Ryan’s kits are “Mini Kits”, which allow you to use a commercially available kit as the core, and he provides accurate resin cast doors, car ends, and instructions on making other changes to make a more accurate representation of the car you are modelling. I have six of his mini-kits in total, four of them are for 10′-6″ interior height boxcars, two for Canadian National and two for Canadian Pacific. The other two kits I have are for 10′ interior height cars from US railroads for some variety. The donor kits are made by Intermountain Railway, and build up quite nicely.

For the Canadian cars, the Intermountain roofs in the kit are not right, but they and others sell the correct styles of roof, so these are also being added, along with etched roof walks from Yarmouth Model Works and Tichy brake components. When done, these will be four backbone cars of the fleet given the hundreds of them owned by CNR and CPR.

Yarmouth Model Works YM-104 40′ Wabash 12 Panel Welded Boxcar

Pierre’s kits are fantastic, they have everything you need except for paint, glue and couplers, and fill niches that big manufacturers in the ready-to-run market will never touch. I have four of his kits, and I want more of them as money permits!

This car is the first one where he attempted to capture the wavy look of welded cars where the heat from the welding warps the metal carbodies. You can see it in the picture below, I know its hard to keep it visible when the car is finished and painted, but it looks really cool, so hopefully I can keep it. I haven’t done much work on this other than test fitting things and mounting the trucks temporarily, but it looks like it will build up nicely based on the quality of the resin and etched parts, and the clarity of the instructions.

IMG_2325

Kaslo Shops HK-11 36′ Fowler Boxcar

The Kaso kit is a model of a car that the CPR and CNR had thousands of, 36′ wood box cars to the Fowler pattern design. I have several Accurail Fowlers which are cheap and cheerful fleet builders. This car should be a slightly higher fidelity one, though I bought it second hand at a flea market for $15.00, and the original owner had started to build it and made some missteps. I’ve been able to undo some of them, others I am still working on, but at this point, I’m comfortable that it will at least be a half decent looking car, even if I determine in time that it will become a siding filler on the layout. Its good practice on kit building, and overcoming problems with a kit and project.

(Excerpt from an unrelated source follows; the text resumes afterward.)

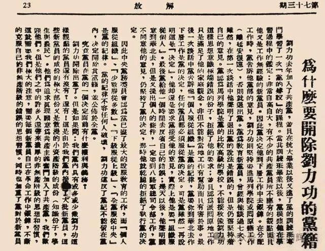 黨中央機關刊物《解放》刊發陳雲文章《為什麼要開除劉力功的黨籍》

Tichy Train Group 4021 – 40′ Flat Car

The Tichy kit is one that has been around for ages. Ryan and I found a guy selling them for $4.00 at a flea market a couple of years ago. We each bought one. I wish the guy had more, but I don’t really need a fleet of flatcars. I suspect in time I will track down a Tichy 120-Ton Steam Crane and Boom Car, and build a representation of the Mimico Auxiliary train, I doubt there was ever a derailment bad enough in Liberty to have needed to try and bring the rail based crane in (I’m not sure it would have made the curves into the area), but hey, it will look good in staging or in the display case.

The kit itself is really nice, injection moulded styrene and goes together easily and with minimal fuss. Following along with Ryan’s notes here on making the car more like a Grand Trunk/Central Vermont prototype, and from pictures of similar vintage CN cars, I removed the ribs from the stake pockets. I have decals for CN flatcars coming, and will hopefully be finishing the painting of the car this long weekend, with decals and weathering to follow.


That leaves 7 kit projects un-started in the drawer, I will probably start the other two mini kits for the CN and CP cars when they arrive, as then I can paint the two cars for each railroad at the same time with the same base paint. Its been nice to see a bunch of kits come to life, the beige boxes in the drawer aren’t nearly as much fun as the kits are when you get to working on them!

IMG_21935 kits in various states of progress in the CN staging yard, their storage location off the workbench when I’m not actively advancing them.